ASSIGNMENT
In your copy of the data, omit the pictures and keep all else exactly as given.

DATASET EXCERPT

----------

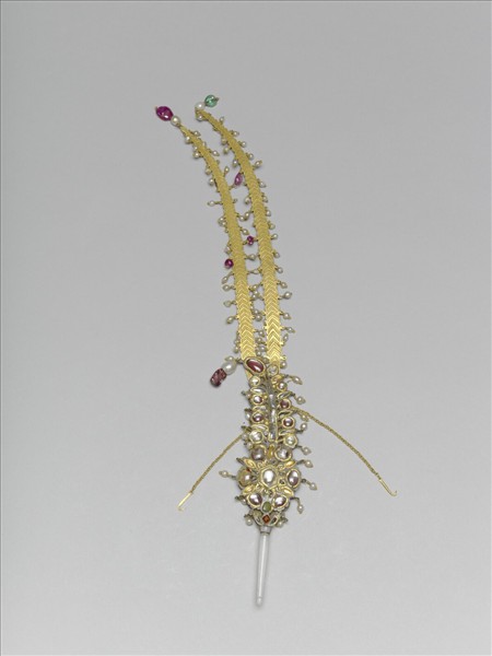 這件頭飾羽軸的根部以玉作管狀,中心部份為一圓形花卉,羽片部位兩側並排著一顆顆由大漸小的圓形寶石,末端以偏向一側垂掛而下的單顆寶石收尾,最特別的是在這片羽毛的背後,特別加上兩隻長長的金冠羽。附件木盒上寫著「金玉吉爾哈」,「吉爾哈」很可能是波斯語「jigha」的音譯,指印度和伊斯蘭王室、貴族頭巾上佩戴的羽毛狀頭飾。原本屬於貴族使用的羽狀頭飾在十八、十九世紀以後發展出更多的變化,樣式繁複或變形的設計,使頭飾純以追求華麗為目的,脫離了原來作為身份象徵的意義體系。乾隆三十五年(1770)喀什噶爾呈進。
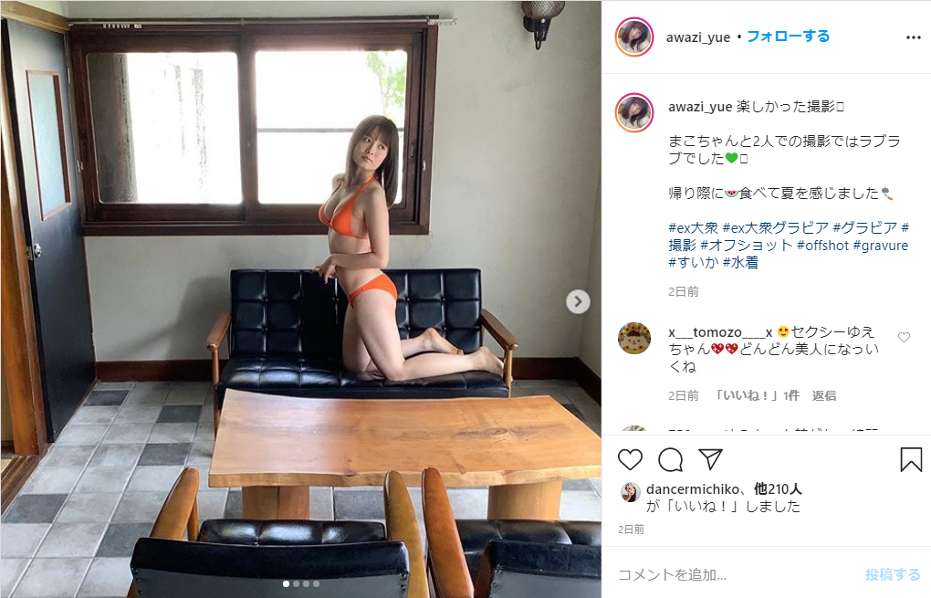 発売日に合わせ、自身のInstagramに推定Eカップの豊満なバストがあらわになった水着姿のオフショット写真を投稿し、ファンのからは「やわらかそう」「興奮しちゃう!」「最高です」「体は大人の女やなぁ」と絶賛の声が寄せられていました。
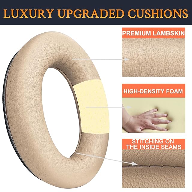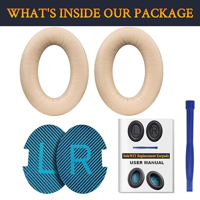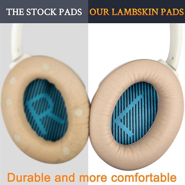 商品名:SoloWIT イヤーパッド イヤークッション Bose QuietComfort 15 QC15 QC25 QC35 QC2 /Ae2 Ae2i Ae2w/SoundTrue & SoundLink Around-Ear シリーズ 用 ヘッドセット パッド 柔軟性良い シープスキン ノイズアイソレーションフォーム 交換パッド (明るいベージュ)
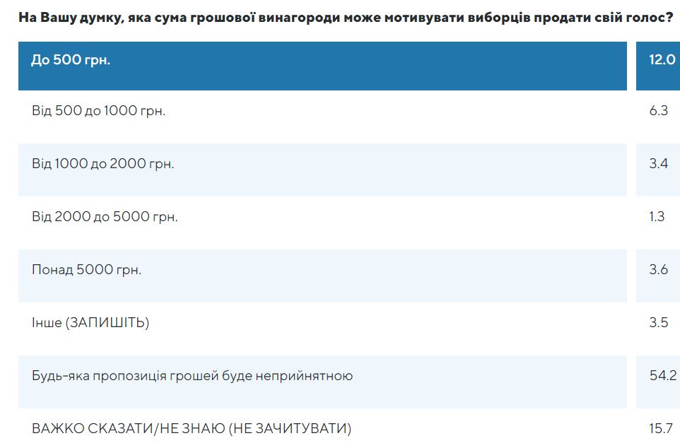 За результатами дослідження, більше 50% українців готові продати свій голос на виборах за первних обставин, при цьому для 12% респондентів вистачило б винагороди у менш ніж 500 грн.

----------

RESULT OF THIS EXERCISE
 這件頭飾羽軸的根部以玉作管狀,中心部份為一圓形花卉,羽片部位兩側並排著一顆顆由大漸小的圓形寶石,末端以偏向一側垂掛而下的單顆寶石收尾,最特別的是在這片羽毛的背後,特別加上兩隻長長的金冠羽。附件木盒上寫著「金玉吉爾哈」,「吉爾哈」很可能是波斯語「jigha」的音譯,指印度和伊斯蘭王室、貴族頭巾上佩戴的羽毛狀頭飾。原本屬於貴族使用的羽狀頭飾在十八、十九世紀以後發展出更多的變化,樣式繁複或變形的設計,使頭飾純以追求華麗為目的,脫離了原來作為身份象徵的意義體系。乾隆三十五年(1770)喀什噶爾呈進。
 発売日に合わせ、自身のInstagramに推定Eカップの豊満なバストがあらわになった水着姿のオフショット写真を投稿し、ファンのからは「やわらかそう」「興奮しちゃう!」「最高です」「体は大人の女やなぁ」と絶賛の声が寄せられていました。
 商品名:SoloWIT イヤーパッド イヤークッション Bose QuietComfort 15 QC15 QC25 QC35 QC2 /Ae2 Ae2i Ae2w/SoundTrue & SoundLink Around-Ear シリーズ 用 ヘッドセット パッド 柔軟性良い シープスキン ノイズアイソレーションフォーム 交換パッド (明るいベージュ)
 За результатами дослідження, більше 50% українців готові продати свій голос на виборах за первних обставин, при цьому для 12% респондентів вистачило б винагороди у менш ніж 500 грн.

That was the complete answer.